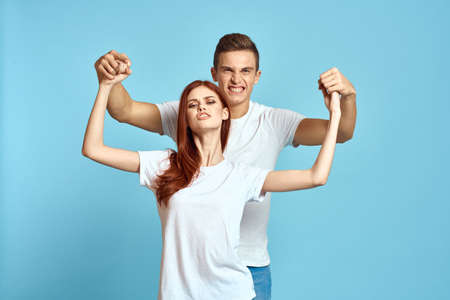 couple of girl and man with naked back in underwear pants on blue background, passion and couple in love, foreplay and seduction, tenderness and affection, bisexual
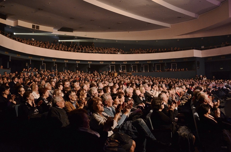 AVELLINO – Grande pubblico e grandi emozioni ieri sera al teatro Carlo Gesualdo per la prima delle due serate con Renzo Arbore e la sua Orchestra italiana. Sono state circa tre ore intense di grande musica nel corso delle quali lo showman pugliese ha riproposto alla platea avellinese “i più grandi successi della musica napoletana contaminata dalle sonorità del rock, del blues, del country, fino ad arrivare a toccare i ritmi tipici della musica reggae e di quella sudamericana. Renzo Arbore, grande appassionato di tutta la musica e profondo estimatore della canzone napoletana classica, ha portato sul palcoscenico irpino il sound inconfondibile della sua Orchestra italiana fatta di chitarre, mandolini, percussioni, fisarmoniche e tastiere, partendo dal modello un po’ naif delle orchestre napoletane, quelle dei primi del ’900, dove le voci ricche di pathos dei cantanti si sposavano con i ritmi coinvolgenti delle strade di Napoli”.
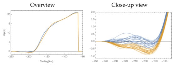 Figure 12b). However, the relative error increased to 0.142 from the relative error of 0.127 in the case without the non-negative constraints. This confirms that the model error is the reason why the negative slip did not disappear even if the sparse constraint was introduced. From the above, we can assume that the physical properties of the crustal structure model may be set incorrectly if a negative slip is estimated in actual data analysis, as negative slip is not anticipated in an actual coseismic slip. Therefore, we can expect improvement in the estimation accuracy of physical properties by estimating the slip (without non-negative constraints) using Green’s functions of models with varying material properties within the permissible range, and selecting the physical property value that results in non-negative slip.
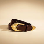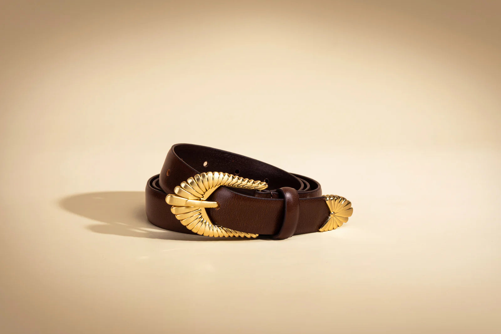 Inspired by beautiful blooming petals, the Zolna Belt is crafted to bring a statement to any outfit. The brushed gold buckle and belt end were custom designed in-house. SANCIA's belts are made to be worn season to season, so get creative with your styling and cherish this piece for years to come.
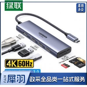 绿联60383 Type-C扩展坞 通用转换器USB-C转接头HDMI线分线器 6合1
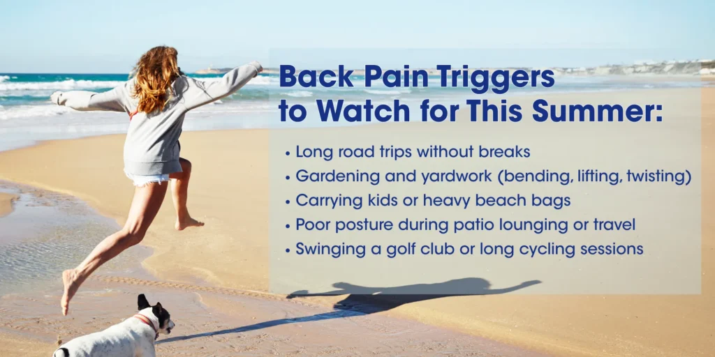 Summer is the season for backyard BBQs, beach days, golf rounds, and weekend getaways. But when back pain strikes, it can turn your favorite moments into missed opportunities. Don’t let pain sideline you, especially when there are simple ways to stay active and strong all season long.
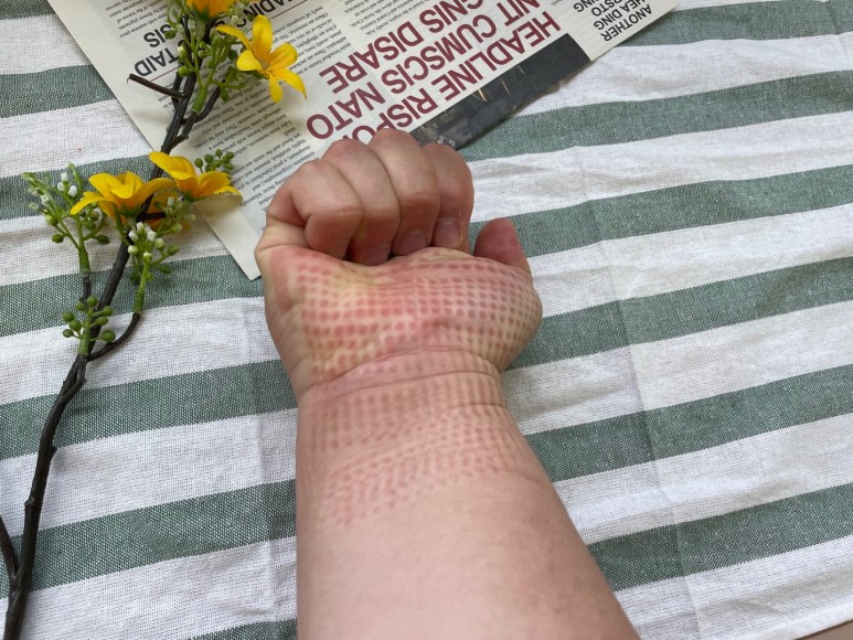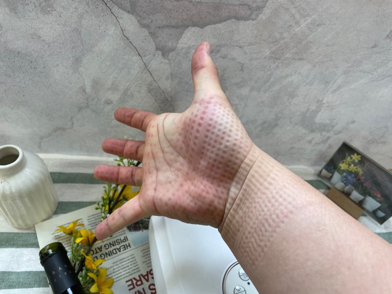 처음부터 보습제를 바른 상태에서 장갑을 착용하고 시작하면 꽉 누르는 동안 피부를 부드러운 상태로 만들어 줍니다.손목터널증후군 증상으로 생긴 피로도 날려버리고 자주 사용하기 때문에 거친 손 전체도 관리할 수 있어 일석이조라고 생각했습니다.
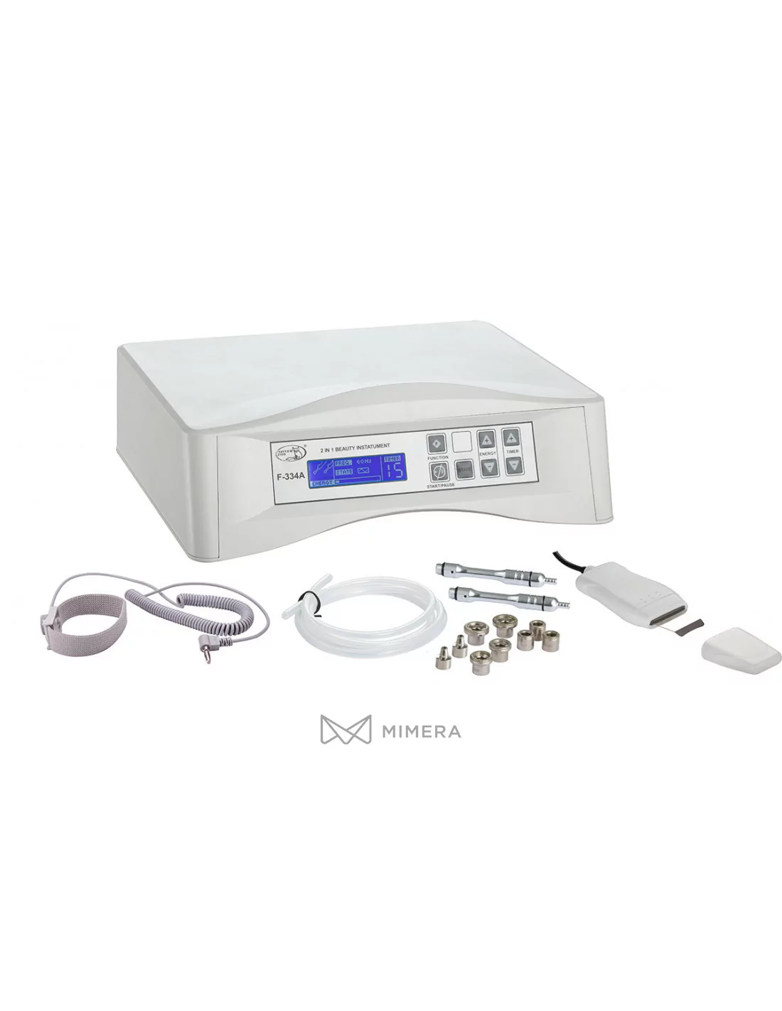 Das multifunktionale Kosmetikgerät F-334 kombiniert zwei Funktionen: Diamant-Mikrodermabrasion und Ultraschallspatel \"Skin Scrubber\".
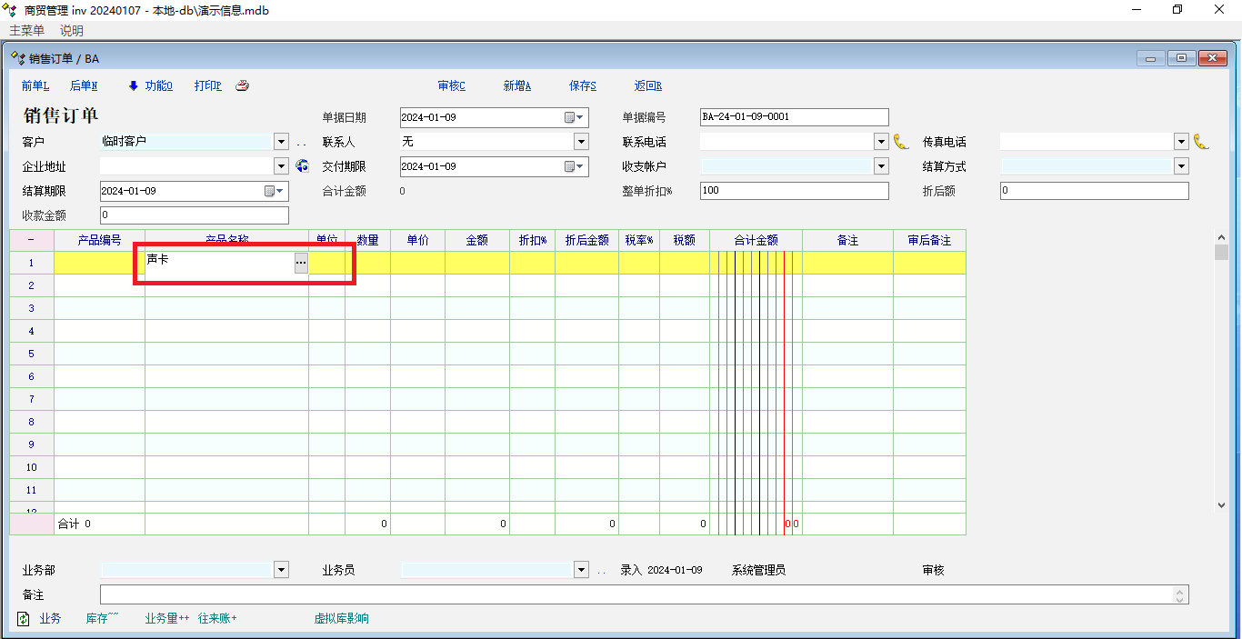 1、销售订单 单据中,输入:声卡,会出现跳不出产品信息的情况。
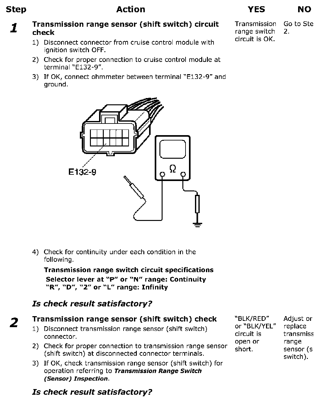Transmission Range Sensor (Shift Switch) Circuit Check
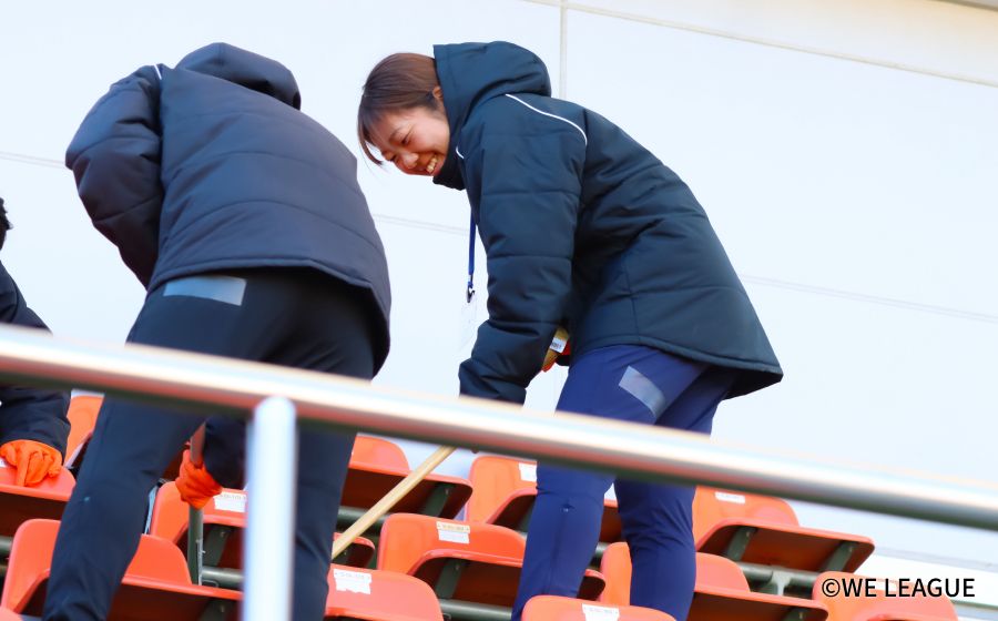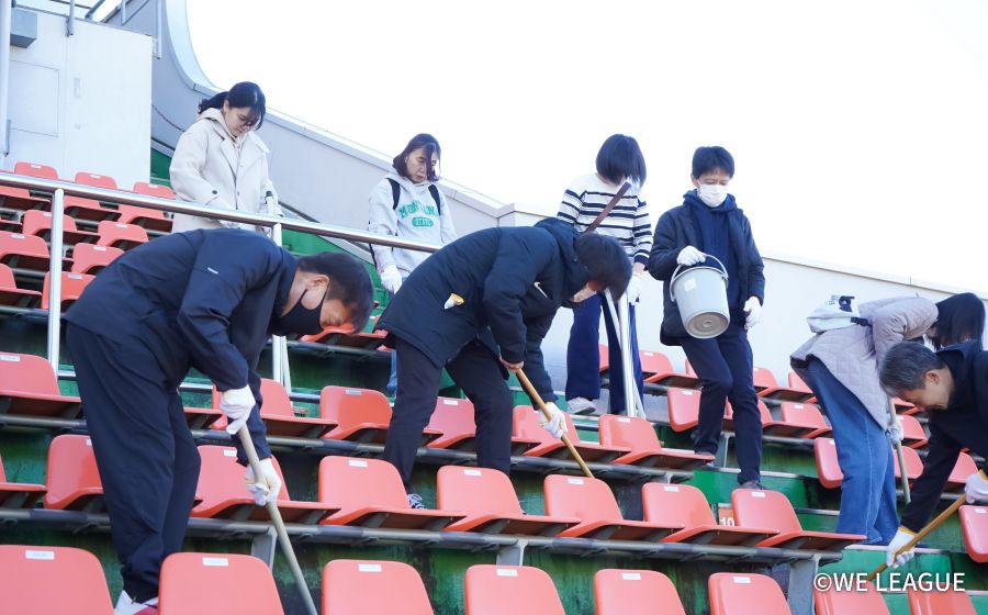 清掃活動では、選手やクラブスタッフと共に、デッキブラシや雑巾を手にスタジアムのスタンドの座席、階段、通路など隅々まで丁寧に磨き上げました。選手やサポーターが日頃利用する大切なホームスタジアムが、参加者全員の熱意によってみるみるうちに輝きを取り戻していきました。
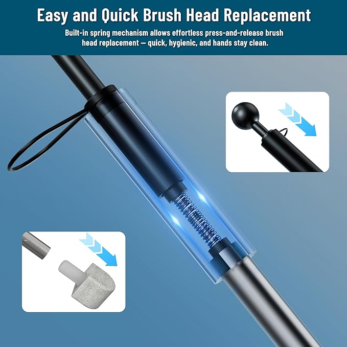 - [Easy Attach/Disposal]---The disposable toilet brush refills easily attach,and eject for disposal by simply pushing the sphere at the top of the handle.
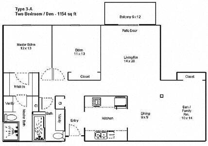 Apartment Model: Two Bedroom Two Bath + DenFrom $1,3952 Bedroom, 2 Bath, 1154 sq ftUnavailableTwo Bedroom Two Bath + Den - Floorplan 1 3 Bedrooms
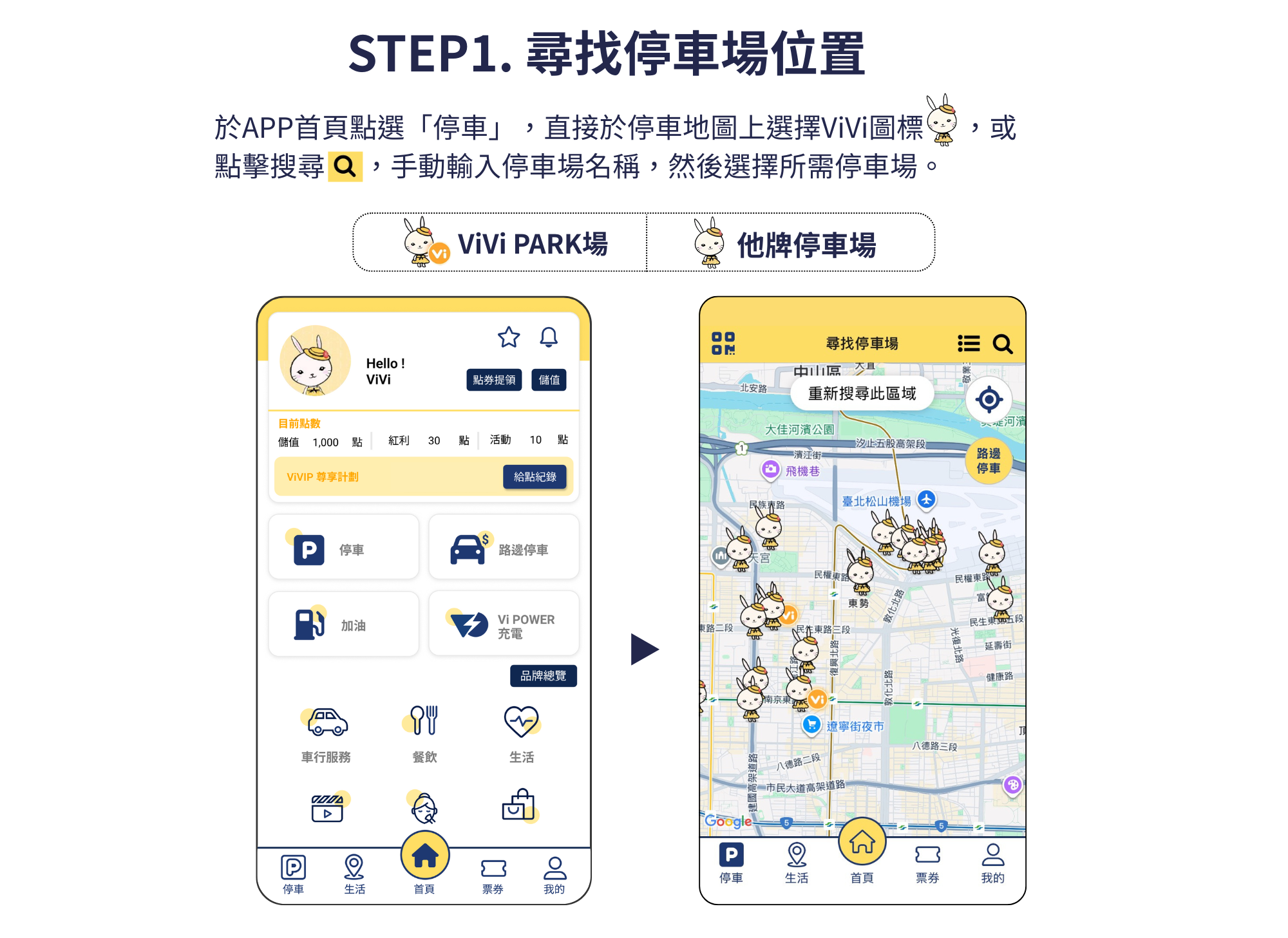 ViVi PARK APP 全新改版地圖,不再侷限於 ViVi PARK 自有停車場,進一步整合周邊停車場業者資訊,一手掌握1,000+ 停車場的位置、費率與一鍵導航,旅遊或造訪陌生地點時,停車省時省力不煩惱,選擇多更多!APP操作流程如下:
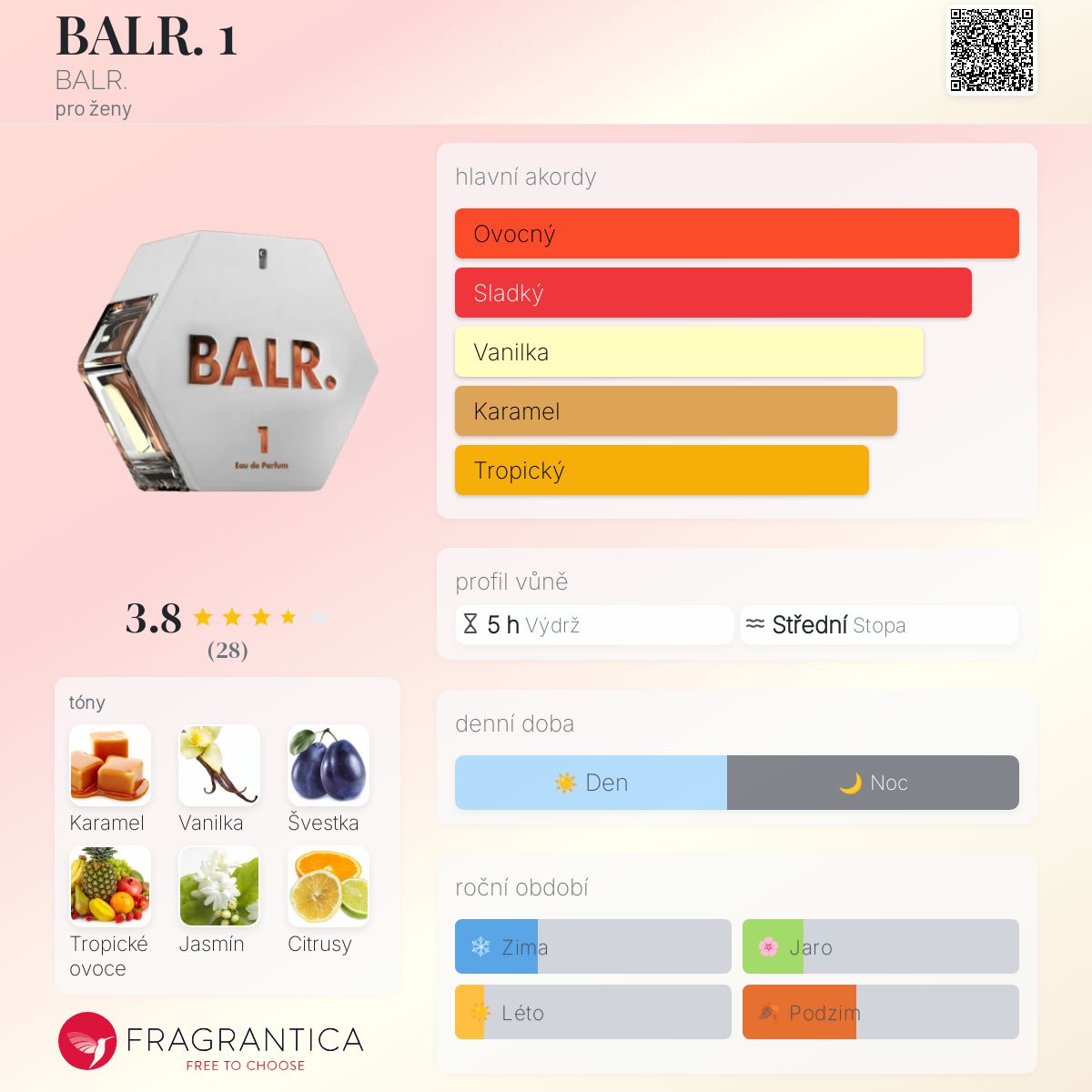 BALR. 1 podle BALR. je vůně pro ženy. BALR. 1 byl/a uveden/a v roce 2019. Vrchní tóny jsou Karamel, Švestka a Tropické ovoce; střední tóny jsouJasmín, Citrusy, Růže a Lotus ; základní tóny jsou Santalové dřevo, Pižmo a Fazole tonka.
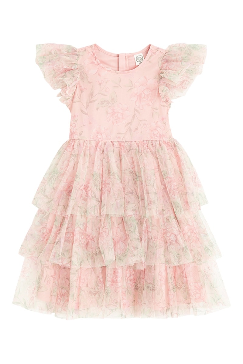 Robe volantée - Beige et rose poudré
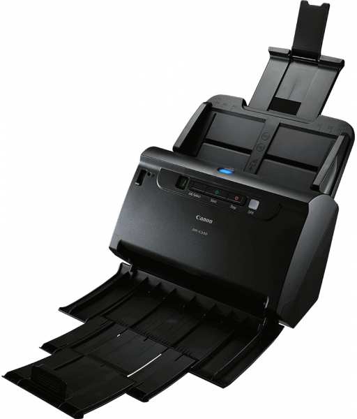 Canon imageFORMULA DR-C230. Maximum scan size 216 x 3000 mm, Optical scanning resolution 600 x 600 DPI, Output colour depth 24 bit. Scanner type Sheet-fed scanner, Product colour Black. Sensor type CMOS CIS, Daily duty cycle (max) 3500 pages, Light source RGB LED. Standard input capacity 60 sheets. Maximum ISO A-series paper size A4, Scanning media types supported Business Card, Plastic Card, Media thickness (min) 0.06 mm
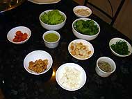 "A pessoa pode fazer a salada da forma mais balanceada que desejar. A quantidade dos ingredientes varia conforme as porções desejadas. E não há hora para consumir. Crianças e adultos aprovam o prato. Os ingredientes são sofisticados e muito saudáveis", destaca Paula. O primeiro passo para a confecção é separar os ingredientes: alface, manjericão, orégano, nozes, queijo minas, frango, torradas, rúcula, cheiro verde, tomate cereja e molho especial. Para fazer a base da salada, Paula recomenda a utilização de uma vasilha para misturar o alface e a rúcula.
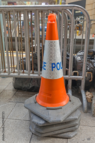 hong kong, asia, china, fence, metal, barrier, city, cone, cone, orange, pavement, plastic, police, signs, stack, stacked, street, traffic, traffic cone, day, equipment, transport
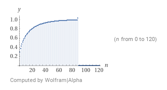 这个东西没有闭合形式,但是我们可以快速验证完备性:当积分上下界是 0 和 1 时,结果是 1;当我们取 \(n=5\) 时,得到结果大约 \(0.506\),说明少量样本并不具有说服力;而当 \(n=100\) 时,结果接近为 1。
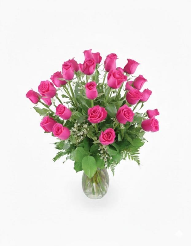 A classic arrangement of three dozen roses, carefully selected for uniform size and vibrant color. Each bloom is fresh and fully formed, artfully arranged with lush greenery to enhance their natural beauty. Presented in a glass vase, this timeless bouquet conveys sophistication, romance and thoughtful sentiment. Perfect for celebrating special occasions or expressing heartfelt emotions. Approximately 22" tall

========================

Activity. The line containing "Inspired by beautiful" marks the end: copy exactly every line from the start of the records up to and including it, leaving out the pictures.

Worked solution.
 couple of girl and man with naked back in underwear pants on blue background, passion and couple in love, foreplay and seduction, tenderness and affection, bisexual
 AVELLINO – Grande pubblico e grandi emozioni ieri sera al teatro Carlo Gesualdo per la prima delle due serate con Renzo Arbore e la sua Orchestra italiana. Sono state circa tre ore intense di grande musica nel corso delle quali lo showman pugliese ha riproposto alla platea avellinese “i più grandi successi della musica napoletana contaminata dalle sonorità del rock, del blues, del country, fino ad arrivare a toccare i ritmi tipici della musica reggae e di quella sudamericana. Renzo Arbore, grande appassionato di tutta la musica e profondo estimatore della canzone napoletana classica, ha portato sul palcoscenico irpino il sound inconfondibile della sua Orchestra italiana fatta di chitarre, mandolini, percussioni, fisarmoniche e tastiere, partendo dal modello un po’ naif delle orchestre napoletane, quelle dei primi del ’900, dove le voci ricche di pathos dei cantanti si sposavano con i ritmi coinvolgenti delle strade di Napoli”.
 Figure 12b). However, the relative error increased to 0.142 from the relative error of 0.127 in the case without the non-negative constraints. This confirms that the model error is the reason why the negative slip did not disappear even if the sparse constraint was introduced. From the above, we can assume that the physical properties of the crustal structure model may be set incorrectly if a negative slip is estimated in actual data analysis, as negative slip is not anticipated in an actual coseismic slip. Therefore, we can expect improvement in the estimation accuracy of physical properties by estimating the slip (without non-negative constraints) using Green’s functions of models with varying material properties within the permissible range, and selecting the physical property value that results in non-negative slip.
 Inspired by beautiful blooming petals, the Zolna Belt is crafted to bring a statement to any outfit. The brushed gold buckle and belt end were custom designed in-house. SANCIA's belts are made to be worn season to season, so get creative with your styling and cherish this piece for years to come.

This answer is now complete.